Imposing extra WM load with a 2-back task led to a decrease in task accuracy. Participants performed better in the GNG task (M = 0.80, SD = 0.12) than in the WMGNG task (M = 0.72, SD = 0.16), as illustrated in Fig 2A (paired t-test, t(48) = 3.86, p<0.001, d = 0.55). Participants’ performance decreased both in the Pavlovian-congruent ("go to win” and “no-go to avoid losing”) and Pavlovian-incongruent (“no-go to win” and “go to avoid losing”) conditions ( S1A Fig ).

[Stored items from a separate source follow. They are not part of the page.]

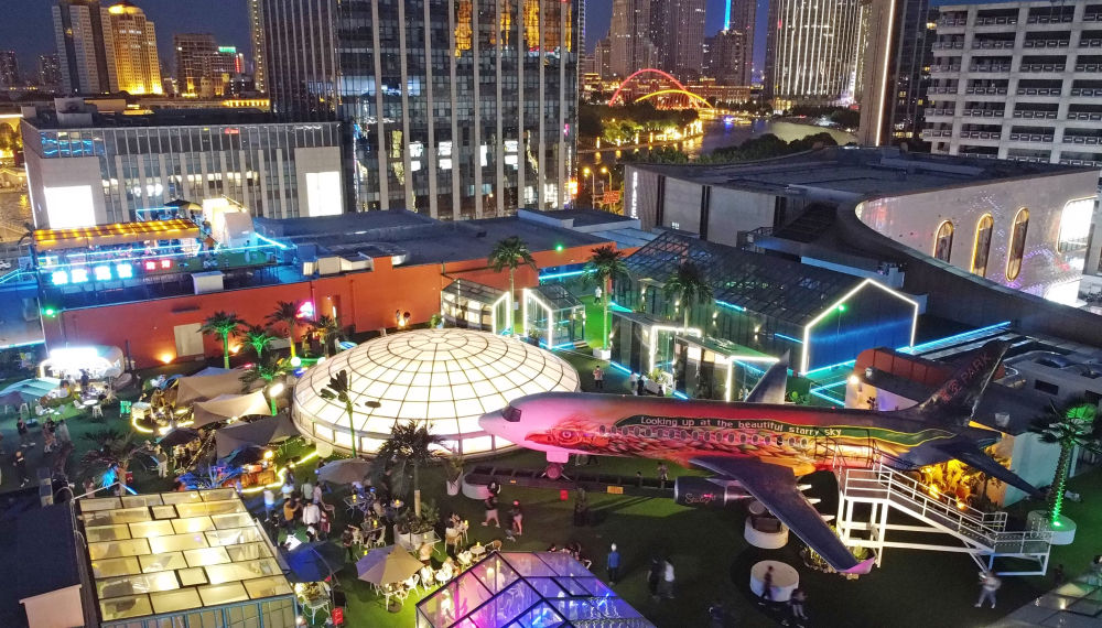 市民在天津市和平区金街商圈的“印象城”楼顶休闲游玩(6月2日摄,无人机照片)。新华社记者 赵子硕 摄
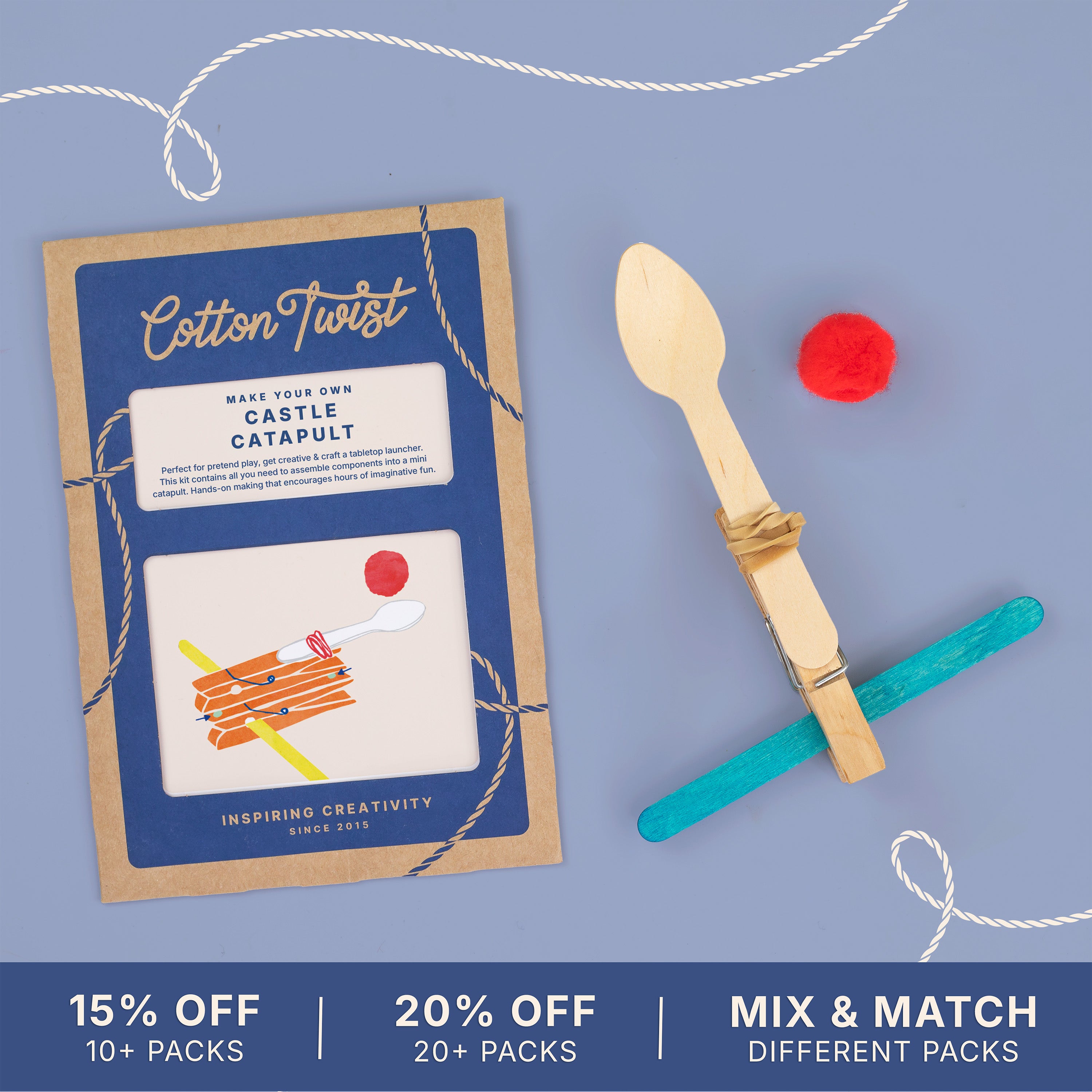 Easy enough for anyone 5+ to put together and a lot of fun catapulting Pom poms around the house! Beats plastic tat by a mile!
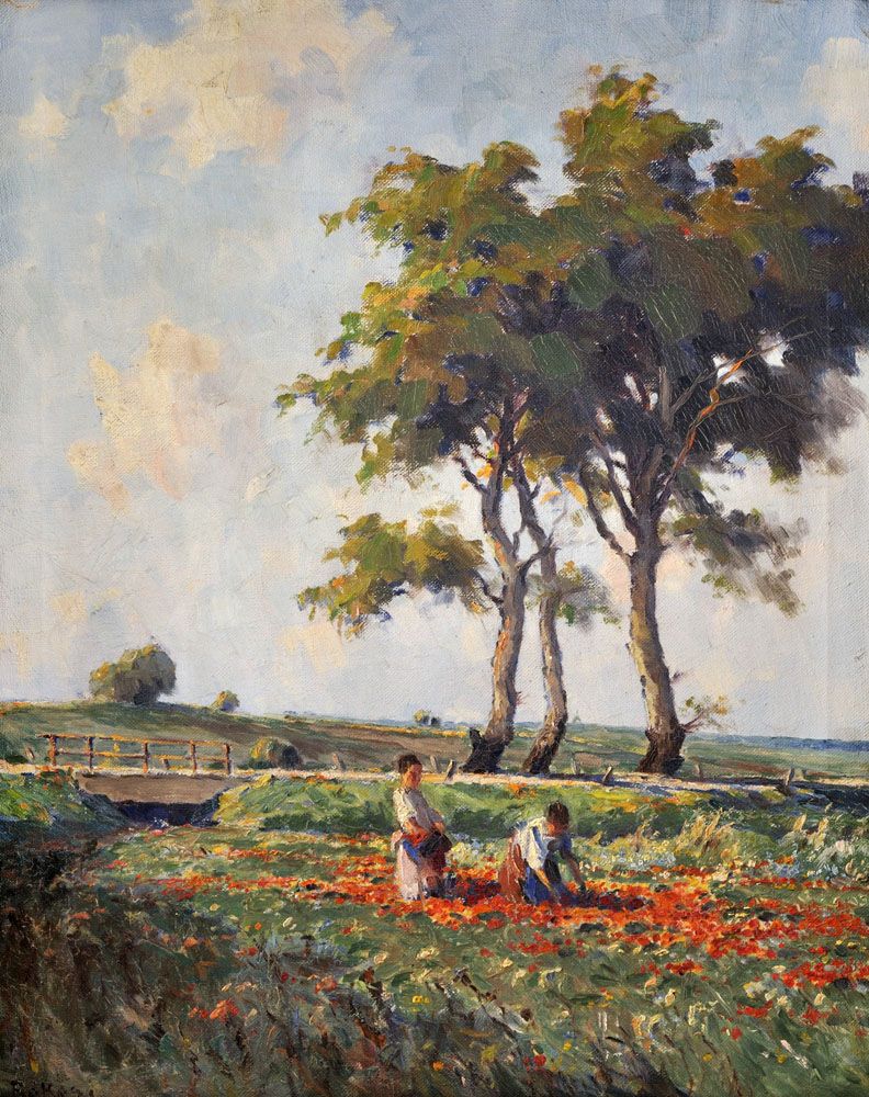 "Zbieranie divých makov" je charakteristickým dielom nedoceneného prešovského maliara Ernesta Rákosiho. Tento maliar sa totiž prejavil ako prívrženec impresívnej maniery už v raných prácach zo začiatku storočia (výstavnú premiéru mal v Prešove v roku 1902) a jej princípom zostal z našich žánristov verný azda najdôslednejšie. Dokazujú to najmä maloformátové ľudovožánrové obrazy a krajinárske skice z poriečia Torysy a okolia Solivaru (Pri kolovrátku -- Priadka, okolo 1904; Pastier, okolo 1908; Mesačná noc, 1911; Topenie snehu, 1913; Krajinka, 1914; Zimné slnce, 1918). Oproti hýrivej epickosti Gyurkovitsa a Moussona sa vyznačujú až epigramatickou námetovou zdržanlivosťou, ale aj skicovitou uvoľnenosťou, nezámernosťou temperamentného rukopisu, vyznačujúceho sa intuitívnym umiestňovaním samostatných, nelokálnych farebných škvŕn a zbežnou predlohu len všeobecne rešpektujúcou kresbou.

Computational modeling: WM load influences learning rate and irreducible noise

We used a computational modeling approach to test the three hypotheses. For this purpose, we developed eight nested models that assumed different learning rate, Pavlovian bias, or irreducible noise parameters under WM load. These models were fitted to the data using hierarchical Bayesian analysis, then compared using the leave-one-out information criterion (LOOIC), where a lower LOOIC value indicates better out-of-sample predictive accuracy (i.e., better fit) [63]. Importantly, the use of computational modeling allowed us to test our hypothesis that WM load would increase random choices; this would have not been possible if we had performed behavioral analysis alone.

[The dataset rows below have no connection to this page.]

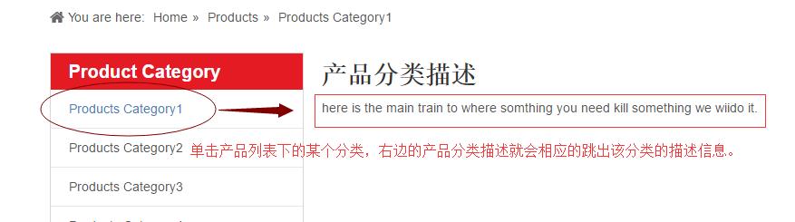 产品分类描述组件可以应用在产品总列表页面,这样,单击页面上的某个产品分类,这个产品分类的描述就会展示出来,对这类产品做个总的介绍,前台显示效果如下:
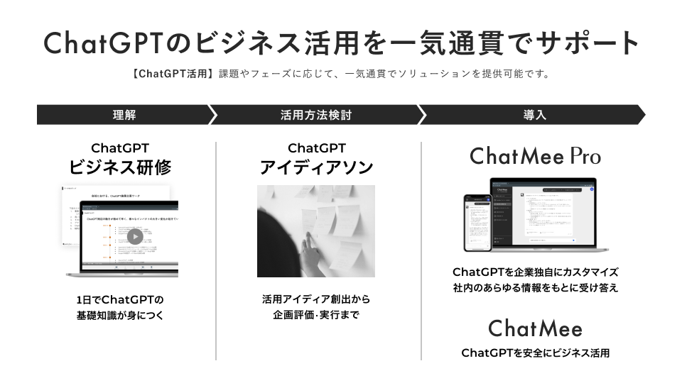 リテラシー教育、サービス提供、導入支援など、ChatGPTのビジネス活用を全方位でご支援します。
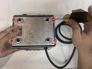 Удалите четыре винта крепления нагревательной поверхности 3 x 16 мм крестовой отвёрткой Phillips #2.

Based on earlier studies [45,64], we constructed a baseline model (model 1) that used a Rescorla-Wagner updating rule and contained learning rate (ε), Pavlovian bias, irreducible noise, go bias, and separate parameters for sensitivity to rewards and punishments (Materials and Methods). In the model, state-action values are updated with the prediction error; learning rate (ε) modulates the impact of the prediction error. Reward/punishment sensitivity (ρ) scales the effective size of outcome values. Go bias (b) and cue values weighted by Pavlovian bias (π) are added to the value of go choices. Here, as the Pavlovian bias parameter increases, the go tendency increases under the reward condition whereas the go tendency is reduced under the punishment condition; this results in an increased no-go tendency. Computed action weights are used to estimate action probabilities, and irreducible noise (ξ) determines the extent to which information about action weights is utilized to make decisions. As irreducible noise increases, action probabilities will be less reflective of action weights, indicating that action selection will become more random.

In models 2, 3, and 4, we assumed that WM load affects only one parameter. For example, in model 2, a separate Pavlovian bias parameter (π wm ) was assumed for the WM load condition. Models 3 and 4 assumed different learning rates (ε wm ) and irreducible noise (ξ wm ) parameters in their respective WM load conditions. In models 5, 6, and 7, we assumed that WM load would affect two parameters: model 5 had different Pavlovian bias (π wm ) and learning rate (ε wm ); model 6 had different Pavlovian bias (π wm ) and irreducible noise (ξ wm ); and model 7 had different learning rate (ε wm ) and irreducible noise (ξ wm ). Finally, model 8 was the full model, in which all three parameters were assumed to be affected by WM load.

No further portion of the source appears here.